In late October the federal government created a couple of working groups with the goal of helping Canadian dairy and poultry farmers adjust to the U.S.-Mexico-Canada Agreement and the Comprehensive and Progressive Agreement for Trans-Pacific Partnership.
There may be a simpler way to help Canada’s poultry and dairy farmers adjust to trade, says an economist from the University of California Davis: get rid of supply management and allow farmers to export chicken and dairy products to the world.
“We are holding back innovation and gains from trade in order to shore up the status quo,” said Colin Carter, distinguished professor of agricultural economics at UC Davis.
In 2016, Carter and Pierre Merel, also of UC Davis, wrote a paper called the Hidden Costs of Supply Management in a Small Market, which was published in the Canadian Journal of Economics.
In the paper, they argued that supply management is hurting Canada’s dairy and chicken industries because producers and processors cannot export to a world hungry for chicken meat and dairy products.
“After decades of taxing Canadian consumers through artificially high domestic prices, certain prominent supply management programs in Canada may be close to harming Canadian producers themselves,” they wrote.
”That is, the long-run opportunity costs of these programs could be on the rise as they prevent Canadian producers from serving a growing world demand for high-value processed animal products.”
The UC Davis economists cited an agricultural outlook for 2015-24 from the Organization for Economic Co-operation and Development and the United Nations’ Food and Agriculture Organization. In the report, the OECD and FAO said:
- Demand for chicken is expected to increase by 27 percent in 2023 from 2014.
- In the same period, global demand for milk products will likely increase by 30 percent.
Losing out on that demand growth, mostly in emerging economies, is damaging because Canada has a number of advantages when it comes to animal agriculture, Carter and Merel said:
- Canada has a large supply of relatively cheap feedgrain.
- Canada’s cold climate helps control animal disease.
- Canadian farmers and scientists are experts in managing animal facilities.
- Canada has an abundance of relatively cheap land, which “could be turned into centres of industrial animal production.”
That’s why Western Canada has three major pork processing plants and is a substantial player in the global pork trade.
Using those same advantages, Western Canada could dramatically boost broiler chicken production in the region — if supply management was eliminated.
“I would expect that proximity to feedgrains would be a big plus for location in Western Canada. Feed accounts for a very large share of the costs of production,” said Carter, who grew up on a grain farm in Alberta and was an assistant professor at the University of Manitoba before joining UC Davis.
In their paper, Carter and Merel make the same point four or five times: when academics, industry reps and politicians talk about supply management, there’s too much discussion around imports and how those imports hurt Canadian producers.
Instead, more attention should be paid to exports and the lost opportunity for producers.
“Growing export opportunities in dairy and poultry products, which currently represent a largely untapped source of economic surplus for Canada, should be seen as a catalyst for SM (supply management) reform,” they wrote.

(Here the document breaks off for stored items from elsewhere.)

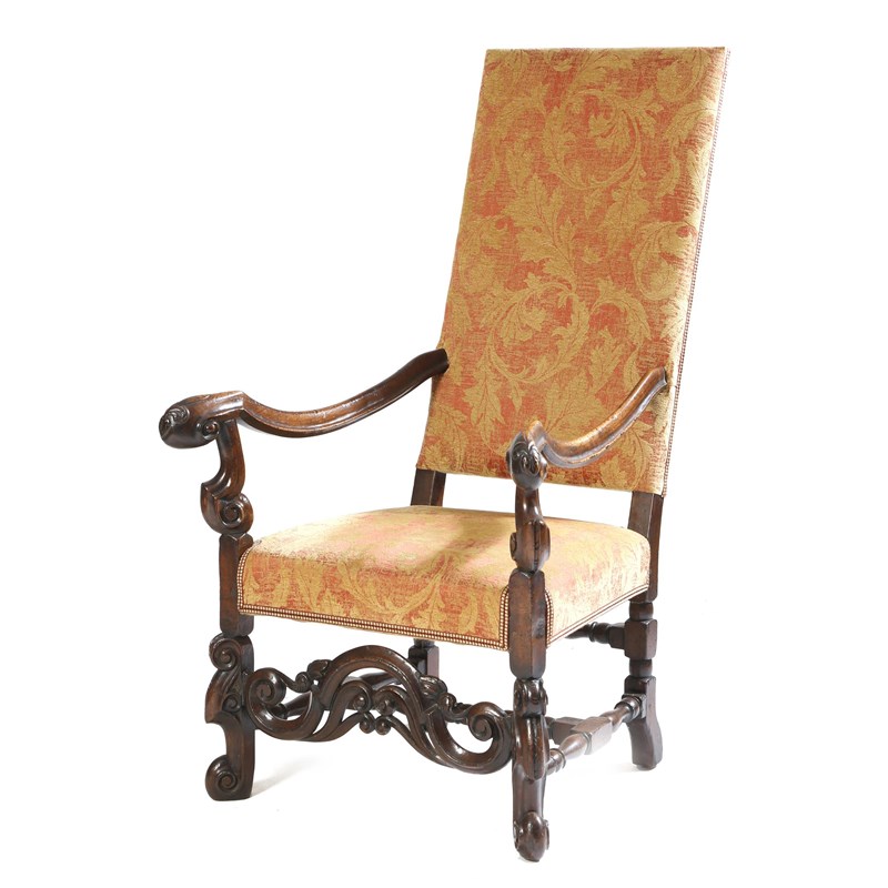 A walnut open armchair in late 17th century style, the padded back and seat upholstered with scrolling leaf damask fabric, with carved arms, above scroll cabriole legs united by stretchers, 19th century.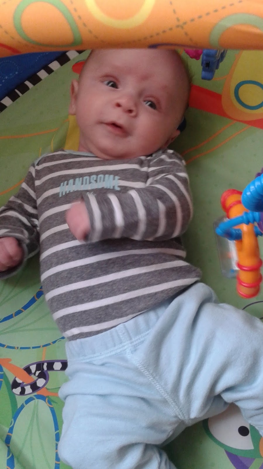 This little bugger just wants to be on the move. He has figured out with the brace on he can slide were he wants to on his mat and can't do it without the brace. He pushes his feet against the floor and it inches his tush up. Therefore he can choose what hanging thing he wants
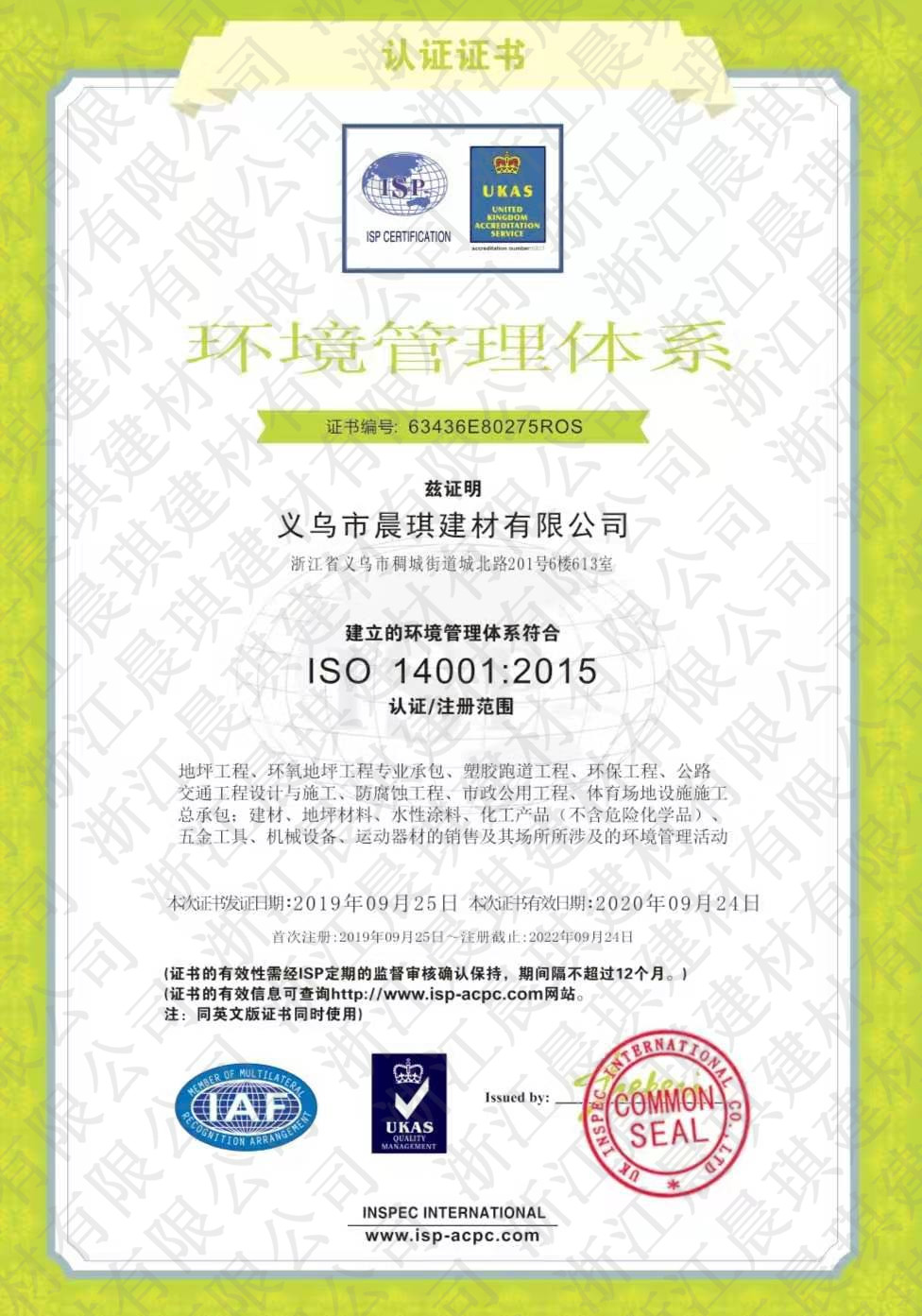 環境管理體系證書
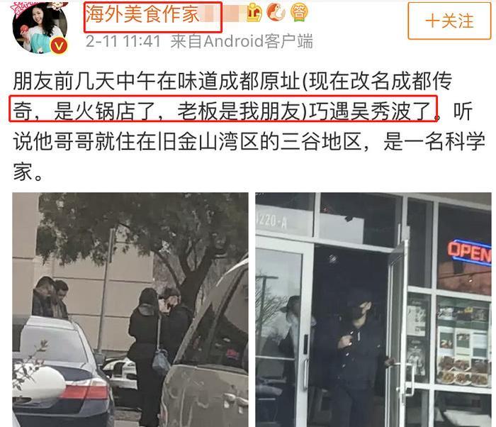 吴秀波这段期间一直都非常低调,鲜少在公众场合现身,吃瓜网友也都非常关心他的动向。2月11日,一位定居国外的网友发文称,朋友前几天在一家餐馆巧遇吴秀波,并还po出了偶遇照片,吸引了不少网友的关注。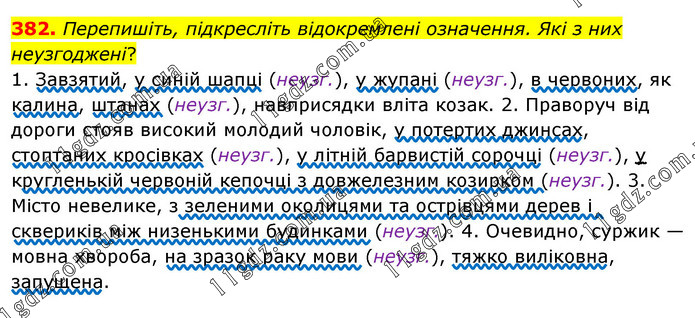 Перепишіть, підкресліть відокремлені означення. Які з них неузгоджені? 1. Завзятий, у синій шапці (неузг.), у жупані (неузг.), в червоних, як калина, штанах (неузг.), навприсядки вліта козак. 2. Праворуч від дороги стояв високий молодий чоловік, у потертих джинсах, стоптаних кросівках (неузг.), у літній барвистій сорочці (неузг.), у кругленькій червоній кепочці з довжелезним козирком (неузг.). 3. Місто невелике, з зеленими околицями та острівцями дерев і сквериків між низенькими будинками (неузг.). 4. Очевидно, суржик — мовна хвороба, на зразок раку мови (неузг.), тяжко виліковна, запущена.
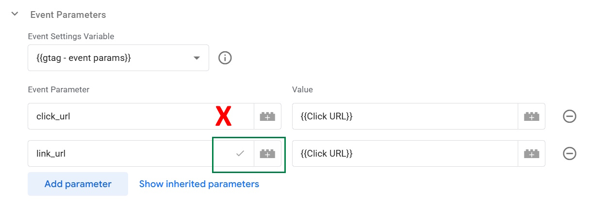 Similarly, if you want to track URLs or text from clicked links, instead of creating a custom dimension like “Click Name,” it’s better to use the existing link_url or link_text parameters. As you can see in the screenshot below, there is a checkbox showing that the link_url parameter is identified by the GA4 Tag.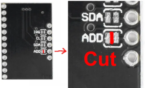 在将 MP121 模块焊接到主 PCB 板之前,记得用小刀切断 ADDR 和 GND 之间的微小连线,注意绝对不要切过头。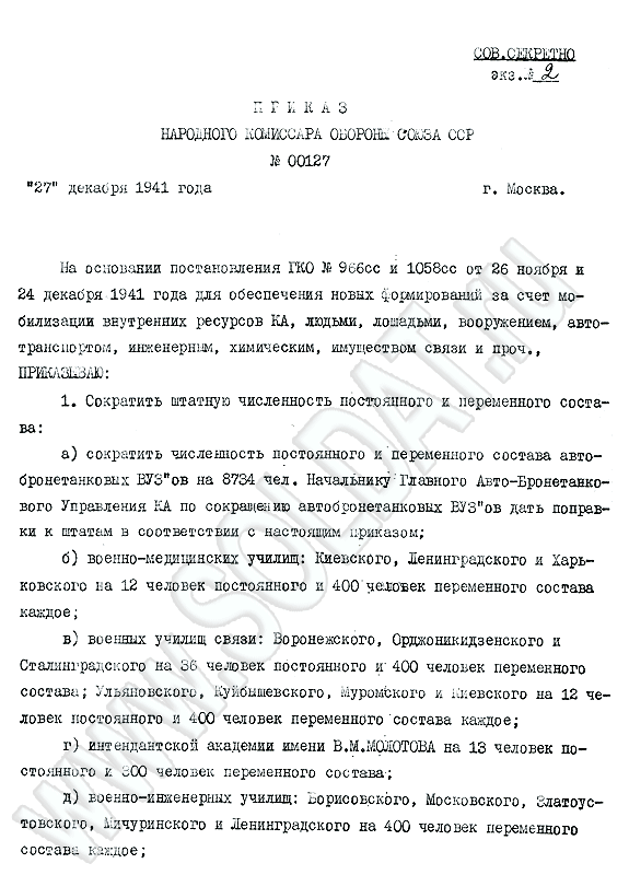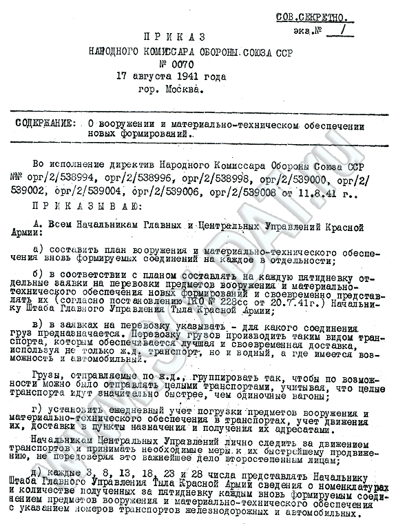 Запрещение ВВС Красной Армии, МВО и военным советам фронтов брать подразделения и материальную часть из частей ПВО |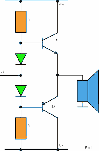 Для снижения переходного искажения двухтактный каскад смещают в состояние проводимости. На Рис. 4. показана самая простая схема смещения.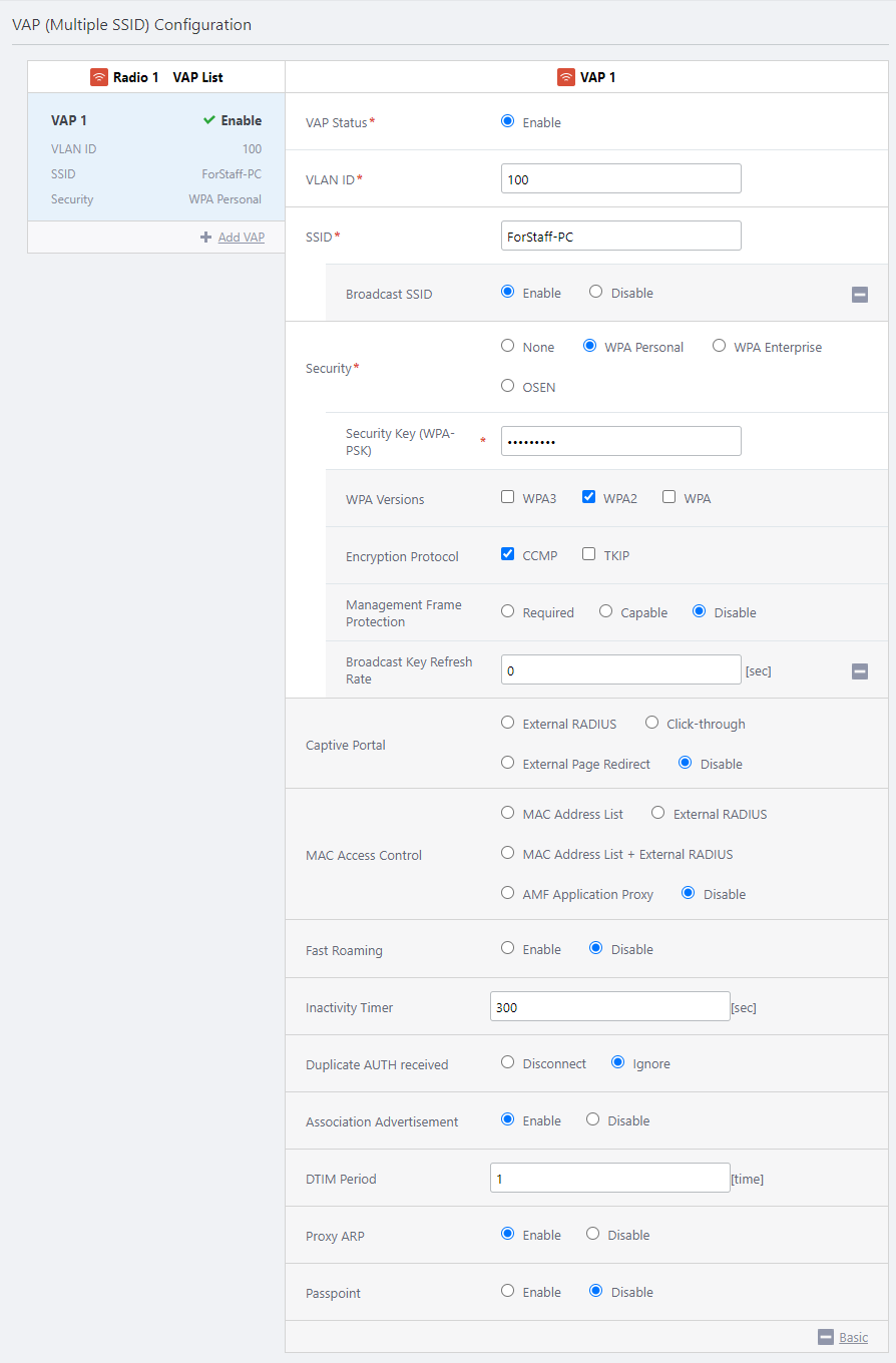 SSID ForStaff-PC Specify an SSID (network name) to use on the VAP. Broadcast SSID Enable Specify whether to broadcast the SSID on the VAP. Security WPA Personal Specify a security method for the VAP. Security Key (WPA-PSK) 5+@f/=0N1y Specify an encryption key for the VAP. WPA Versions WPA2 Specify a WPA version to use on the VAP. Encryption Protocol CCMP Specify an encryption protocol to use on the VAP. Management Frame Protection (MFP) Disable Specify whether to protect Management Frames. Broadcast Key Refresh Rate 0 Specify an interval at which to refresh the broadcast key that is sent to clients on the VAP. Specifying "0" stops the key from refreshing. Captive Portal Disable Specify whether to use the Captive Portal feature on the VAP. MAC Access Control Disable Specify whether to use MAC Access Control on the VAP. Fast Roaming Disable Specify whether to use Fast Roaming of wireless clients. Inactivity Timer 300 Specify the delay before disconnecting a client that disappears without notifying the APs. Duplicate AUTH received Ignore Select how to process connection requests from clients that have maintained a connection. Association Advertisement Enable Specify whether to use Association Advertisement. DTIM Period 1 Specify how frequently to insert a DTIM (Delivery Traffic Indication Map) in the AP's beacons (every 1 to 255 beacons). Proxy ARP

“Our model suggests that Canadian producers could collectively be better off under trade liberalization compared to SM, especially for the broiler chicken industry.”
The Western Producer contacted the Chicken Farmers of Canada for comment, but it did not respond by press time.
In an Oct. 1 news release, following the announcement of the USMCA deal, the Chicken Farmers of Canada emphasized that imports are a threat to Canadian farmers.
“When more access is given, production decreases in Canada,” said chair Benoit Fontaine.
“This results in lost jobs, lost production and … not to mention the reduction in the contribution to Canada’s economy.”
Defenders of supply management have said that Canada can’t compete with the U.S. in the dairy or chicken industries because of illegal immigrants and lower labour costs in the U.S.
Carter doesn’t buy that argument. Labour is a factor in production and processing of animal proteins, but it’s not a deal breaker.
“If labour were the driving force, you would expect the broiler industry to have grown in places like Mexico. As far as I know, Mexico is quite an important importer of broiler chicken from the U.S.”
Chicken production by the numbers:
- In 2017 Canada produced $2.5 billion worth of chicken products.
- Canada produced 1.2 billion kilograms of chicken (eviscerated weight) in 2017. Of that, 60.7 percent came from farms in Quebec and Ontario.
- In 2017 the United States produced US$30.2 billion in broiler chickens.
- Georgia is the No. 1 state for chicken, producing a value of US$4.4 billion in 2017.